§ DATA:
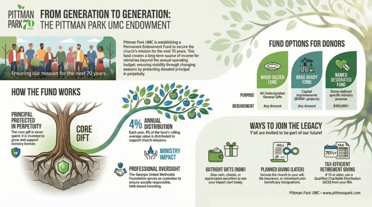 On March 23, 2026, in their 70th year, Pittman Park UMC established an endowment fund to secure the church’s mission “for the next 70 years.” This fund creates a long-term source of income for ministries beyond the annual operating budget, ensuring stability through changing seasons by protecting donated principal in perpetuity. The fund was seeded with $250,000 from the Wood-Dozier fund.
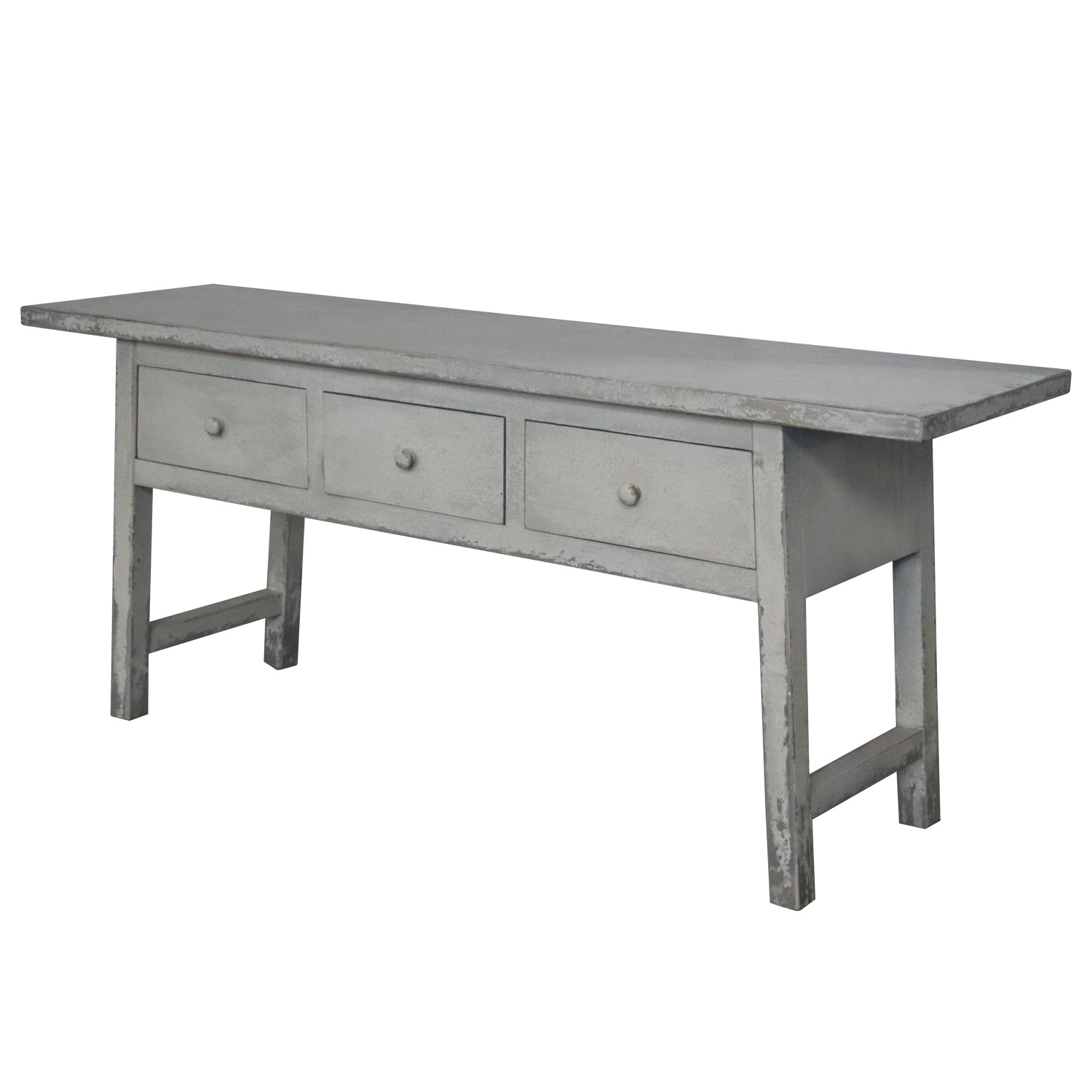 Catalog Name: 57-3/4"W x 15-3/4"D x 24-1/2"H Reclaimed Wood Table w/ 3 Drawers, Distressed White, KD, Truck Ship
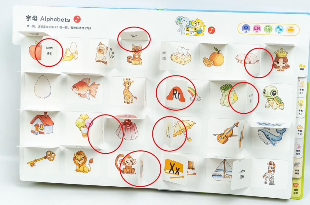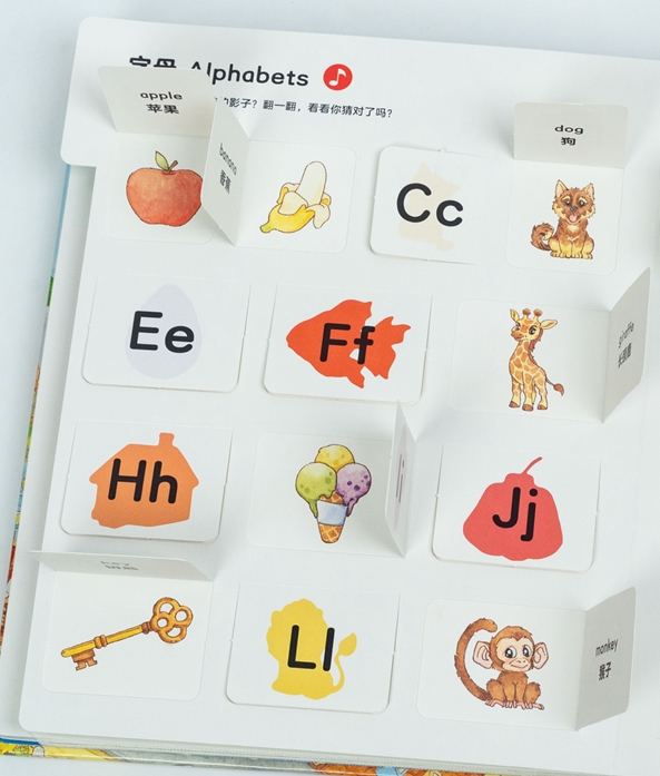 字母这里,翻页外是物品的影子,翻开是对应的物品,宝宝可以玩影子趣配对,影子找找找,可以一个人玩也可以两个三个人一起玩。

§ WORK REQUEST:
This exercise asks for the data above to be given again exactly, without pictures.

§ TASK RESPONSE:
 On March 23, 2026, in their 70th year, Pittman Park UMC established an endowment fund to secure the church’s mission “for the next 70 years.” This fund creates a long-term source of income for ministries beyond the annual operating budget, ensuring stability through changing seasons by protecting donated principal in perpetuity. The fund was seeded with $250,000 from the Wood-Dozier fund.
 Catalog Name: 57-3/4"W x 15-3/4"D x 24-1/2"H Reclaimed Wood Table w/ 3 Drawers, Distressed White, KD, Truck Ship
 字母这里,翻页外是物品的影子,翻开是对应的物品,宝宝可以玩影子趣配对,影子找找找,可以一个人玩也可以两个三个人一起玩。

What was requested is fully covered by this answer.